What is the biggest mistake businesses make in keyword research?
Relying on tool output without checking intent and context. A tool can tell you a term gets 500 searches a month; it cannot tell you whether those searchers want to buy, browse, or simply learn something. Search your target terms yourself before committing a content plan to them, and avoid chasing high-volume keywords that have no real connection to what your business actually offers, since that traffic will not convert.
Does keyword research still matter with AI Overviews and ChatGPT now part of search?
Yes, and arguably more than before. AI systems still draw heavily from pages that already rank well in traditional search, so the underlying keyword and intent work has not become optional. What has changed is the need to structure content so it can be extracted and cited clearly, alongside ranking for it in the conventional sense.
How do I do keyword research for a brand-new website with no existing data?

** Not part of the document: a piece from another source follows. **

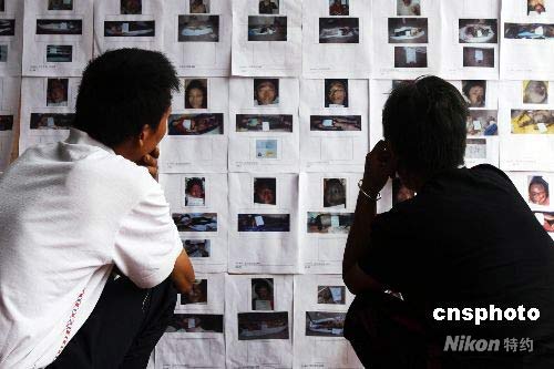 圖:都江堰民眾沉痛悼念遇難親友

Without historical Search Console data to lean on, focus on long-tail, lower-competition terms with clear, specific intent rather than competing immediately for broad head terms. Seed keywords drawn from direct conversations with early customers, combined with a manual SERP check for each candidate term, will get a new site further than tool data alone in the first few months.
Taking the Next Step
Keyword research only creates value once it is applied consistently to what gets built, written, and tracked. Start with one priority topic cluster aligned to a core service, build content around both the head term and its long-tail variations, and set up monthly tracking before moving on to the next cluster. The businesses that see the clearest results from this process are rarely the ones with the most sophisticated tools. They are the ones that actually act on what the data tells them, month after month.